Всегдашнее упрямство или сила воли, безумие или вкус победы?
Я приезжаю редко, с тайной надеждой уединиться с книжкой в яблоневой тени, расслабиться, размагнититься, расползтись в стороны и слиться с летом – а потом собраться в целое новой и обновленной. И никогда не получается.

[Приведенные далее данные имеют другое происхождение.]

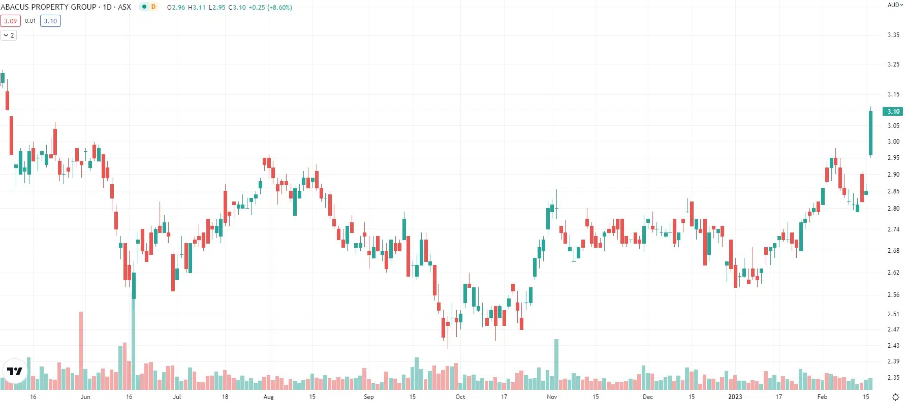 Abacus Property Group (ASX:ABP) share price chart, log scale (Source: TradingView)
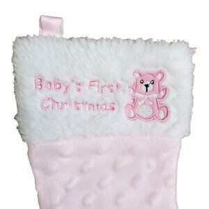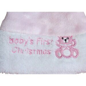 Baby's 1st Christmas Stocking & Hat Bear Pink White Plush Fur Holiday Santa Cap
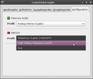 Next open the mixer by clicking on Gnome’s mixer applet and choosing “Open volume control”. Go to the “Configuration” tab where you should see your newly paired bluetooth headset. Change it’s profile to “High Fidelity Playback (A2DP)” and keep the window open:
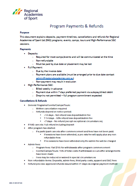 Program Payment & Refund Policy

– Опять бездельничаешь? Плохо отполоскано, нет запаха свежести!
Возвращаюсь на речку.
Между прочим, вчера мы поссорились, сегодня она разговаривает холодно и отрывисто. Моему пятнадцатилетнему чаду она строго-настрого приказала быть дома в половине одиннадцатого, хотя дачные подростки колобродят чуть не всю ночь, жгут в лесу костер, слушают чудовищную музыку, курят и вообще отрываются на полную катушку. В назначенное время он не появился, и я его понимаю – не хочется быть белой вороной, друзья-подруги на смех поднимут – как не щадить пубертатной гордости. В одиннадцать она вскипела и заперла дом изнутри на ключ, отправив меня спать. Чадо появилось в половине двенадцатого, подергало дверь и устроилось на крылечке. Я слышала его недовольное сопение, как бы даже чувствовала спиной ночной холод сквозь футболку и боялась, что он простудится, а пуще того повернется и уйдет – лично я бы сама так и сделала. Через полчаса материнских мучений я на цыпочках спустилась вниз и тихо повернула ключ. Нахохленный подросток молча проскользнул мимо и забился под одеяло. Тут вспыхнул свет – она стояла на пороге своей комнаты, как разъяренная фурия. Дальнейший монолог можно не пересказывать. Я даже не огрызалась – боялась, что она вытащит его из постели и выставит вон.